Addressing a gathering of the Lingayat community, to which Revoor belongs, the seer said although he wanted Yediyurappa to complete the remaining 3-year term in office and the BJP to return to power after the next elections, it would be difficult for Yediyurappa to continue if Revoor is not made a minister.

"Yediyurappa will be in office for the next three years if he makes Revoor minister. If not, I will ask him (latter) also to resign, as does not need to be in politics anymore because he has a house, many acres of agricultural land and is very rich," the seer told the gathering in Kannada.

In his nomination to contest in the May 2018 assembly elections, Revoor (37) declared in an affidavit Rs 17-crore assets, including immovable properties.

Wishing Yediyurappa to remain in office for the next three years and return as Chief Minister, the seer said if Yediyurappa is forced to quit, then the Lingayat community would not get an opportunity to have its leader as Chief Minister again for at least 30 years.

Yediyurappa, whose constituency is Shikaripura in Shivamogga district, is considered the tallest Lingayat leader of the politically powerful community, which accounts for 18% of the 6.5-crore state's population.

Though a dozen BJP legislators won from the erstwhile Hyderabad-Karnataka region in the May 2018 Assembly elections, only Prabhu Chauhan from the adjacent Bidar district was made minister for animal husbandry.

The Saranga mutt seer’s threat comes a month after Veerashaiva Lingayat Panchamasali seer Swami Vachananda, dared Yediyurappa to make 3 of the community legislators ministers ahead of the second cabinet expansion on February 6.

At a Lingayat gathering in the state's Davengere district on January 15, Vachananda told Yediyurappa to make party's Bilgi legislator Murgesh Nirani Minister, failing which the community would withdraw its support to the ruling party.

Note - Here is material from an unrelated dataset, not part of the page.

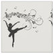 Einfache schwarze Silhouette einer Balletttänzerin mit extravaganten Bar und Noten
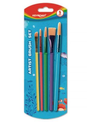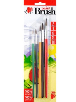 5 kusová sada guľatých školských štetcov s farebnou rúčkou. Štetina 100% poník. Ideálne na maľovanie vodovými farbami. Šírka štetiny 2-4-6-8-10 mm.

Hiryur is about 300km northwest of the southern state's capital Bengaluru.

Ticking off the young seer, a defiant Yediyurappa, however, threatened to walk out of the meeting if he was blackmailed for making Lingayat MLAs ministers.

"You cannot threaten me saying your sub-sect (Veera Shaiva) community would not support the BJP in the next assembly or Lok Saba elections, due in 2023 and 2024," retorted Yediyurappa, reasserting his status as the community's strongman in the state.

In the second cabinet expansion, only 10 newly elected legislators who defected from the Congress and the Janata Dal-Secular (JD-S) were made ministers, leaving 6 posts vacant in the 34-member ministry.

In the first cabinet expansion on August 20, 2019, 17 party legislators were made ministers. Nirani and others, who were present on the dais, pacified Yediyurappa to take his seat and requested the seer to avoid making political speech on such occasions.

"The chief minister threatened to resign than succumb to pressures from religious or community followers," a party official told media.